• [Exercise details] Taking the line that contains "Сначала из гаража" as the start and the last line of the data as the end, repeat exactly every line in that span, but no pictures.

• [Data extract]
══════
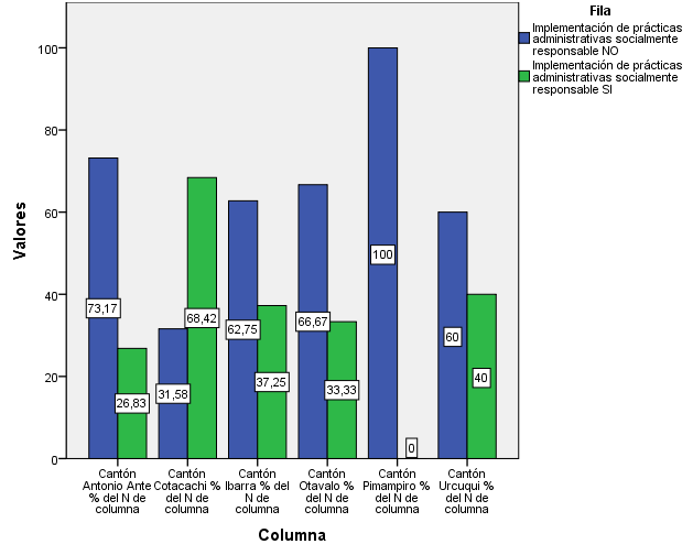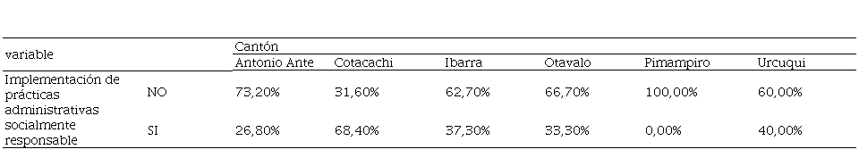 Cuadro Nº 4. Implementación de las prácticas administrativas socialmente responsables por cantones.
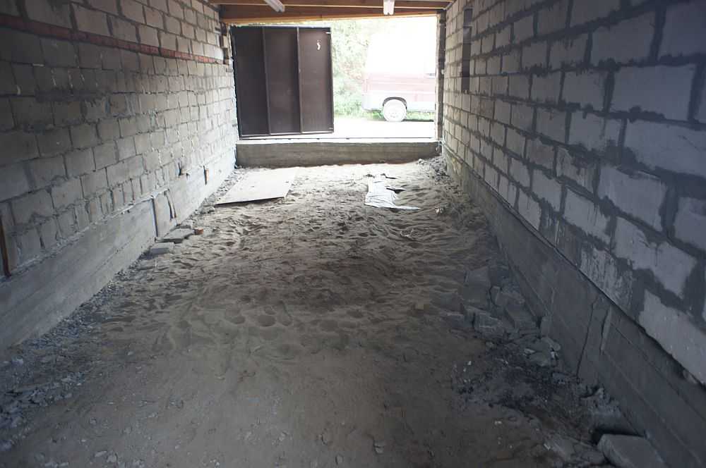 Сначала из гаража удаляется весь строительный мусор, который там может накопиться во время строительства. Далее снимается весь плодородный слой. Полностью весь, до «чистого» грунта без растительности и корней. Толщина слоя может быть разной- где-то 10-15 см, а где-то 50-60 см. Независимо от этого удалить надо весь плодородный слой. В нем много органики, микроорганизмов, насекомых. Органика будет гнить, распространяя соответствующие запахи, а микроорганизмы — способствуют появлению плесени, грибков, насекомые — тоже не самые лучше соседи.
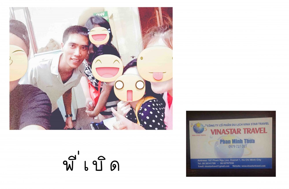ก่อนที่จะเริ่มทัวร์วันที่สอง ผมขอแนะนำฮีโร่ ชาวเวียดนามคนนี้ครับ ขอเรียก นามสมมติว่า พี่เบิด ล่ะกัน ที่มาของชื่อพี่เบิดคือ พี่คนนี้จะพูดอังกฤษสำเนียงแปลกๆ ซึ่งคำที่พวกเราฟังแล้ว หันมองหน้ากันคือคำว่า เบิด สเตชั่น(Bus Station) , สลีฟ เบิด(Sleep Bus) พี่เบิดเป็นบริษัททัวร์ ที่พวกเราได้ลองเสี่ยง ในการซื้อทัวร์ครั้งนี้ ตอนนั้นก็ไม่รู้จะหมู่ หรือ จ่า จะโดนหลอกหรือเปล่าไม่รู้ ด้วยที่เราไปกัน 5 คน ความกลัวก็มาทีหลัง เลยเป็นจุดเริ่มต้นของความประทับใจ อย่างไม่มีวันลืมของทริปนี้ มีการต้อนรับอย่างดีถึงจุดหมายด้วยความราบรื่น ความทรงจำของทัวร์พี่เบิด ได้เกิดขึ้น
══════
• [Result for this task]
 Сначала из гаража удаляется весь строительный мусор, который там может накопиться во время строительства. Далее снимается весь плодородный слой. Полностью весь, до «чистого» грунта без растительности и корней. Толщина слоя может быть разной- где-то 10-15 см, а где-то 50-60 см. Независимо от этого удалить надо весь плодородный слой. В нем много органики, микроорганизмов, насекомых. Органика будет гнить, распространяя соответствующие запахи, а микроорганизмы — способствуют появлению плесени, грибков, насекомые — тоже не самые лучше соседи.
ก่อนที่จะเริ่มทัวร์วันที่สอง ผมขอแนะนำฮีโร่ ชาวเวียดนามคนนี้ครับ ขอเรียก นามสมมติว่า พี่เบิด ล่ะกัน ที่มาของชื่อพี่เบิดคือ พี่คนนี้จะพูดอังกฤษสำเนียงแปลกๆ ซึ่งคำที่พวกเราฟังแล้ว หันมองหน้ากันคือคำว่า เบิด สเตชั่น(Bus Station) , สลีฟ เบิด(Sleep Bus) พี่เบิดเป็นบริษัททัวร์ ที่พวกเราได้ลองเสี่ยง ในการซื้อทัวร์ครั้งนี้ ตอนนั้นก็ไม่รู้จะหมู่ หรือ จ่า จะโดนหลอกหรือเปล่าไม่รู้ ด้วยที่เราไปกัน 5 คน ความกลัวก็มาทีหลัง เลยเป็นจุดเริ่มต้นของความประทับใจ อย่างไม่มีวันลืมของทริปนี้ มีการต้อนรับอย่างดีถึงจุดหมายด้วยความราบรื่น ความทรงจำของทัวร์พี่เบิด ได้เกิดขึ้น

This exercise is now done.